▶ _Records for processing_
*** Block opens ***

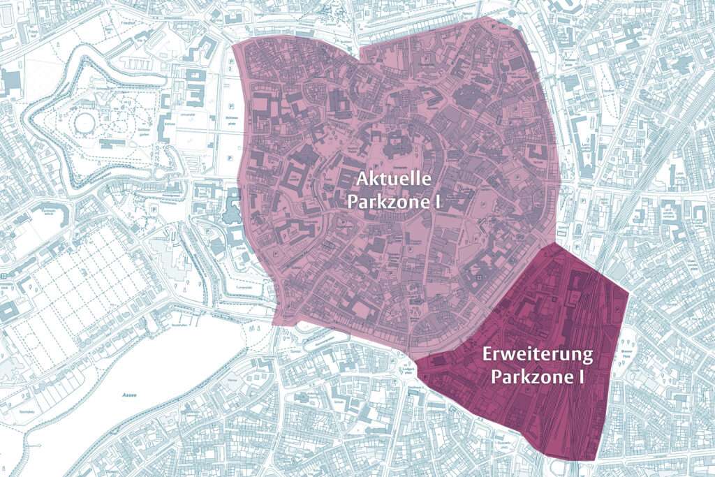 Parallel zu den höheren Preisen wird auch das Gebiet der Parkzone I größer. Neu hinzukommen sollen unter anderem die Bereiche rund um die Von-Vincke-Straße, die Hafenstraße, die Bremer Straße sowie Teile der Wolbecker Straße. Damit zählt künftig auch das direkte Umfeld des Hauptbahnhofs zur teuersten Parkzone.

*** Block closes ***
*** Block opens ***

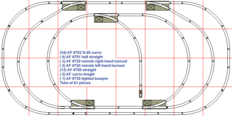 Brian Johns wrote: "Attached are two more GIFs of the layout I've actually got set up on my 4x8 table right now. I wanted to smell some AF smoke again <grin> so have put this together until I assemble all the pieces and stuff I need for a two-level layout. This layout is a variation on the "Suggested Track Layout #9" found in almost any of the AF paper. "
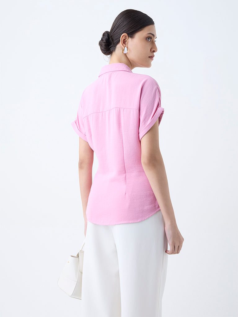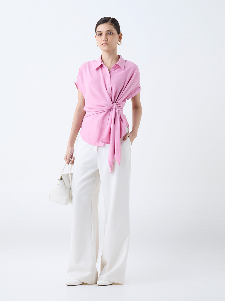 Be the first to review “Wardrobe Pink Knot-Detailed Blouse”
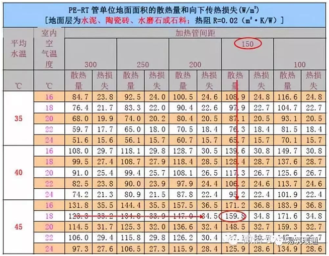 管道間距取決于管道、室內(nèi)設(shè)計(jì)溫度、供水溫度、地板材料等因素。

*** Block closes ***
*** Block opens ***

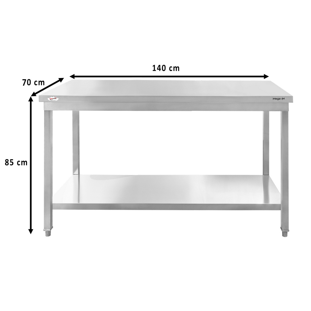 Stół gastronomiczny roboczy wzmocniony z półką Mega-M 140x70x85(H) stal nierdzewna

*** Block closes ***

▶ _Exercise_
Return exactly the part of the listing above that opens with the line containing "Be the first" and closes with the line containing "管道間距取決于管道、室內(n". Pictures stay out.

▶ _Exercise result_
 Be the first to review “Wardrobe Pink Knot-Detailed Blouse”
 管道間距取決于管道、室內(nèi)設(shè)計(jì)溫度、供水溫度、地板材料等因素。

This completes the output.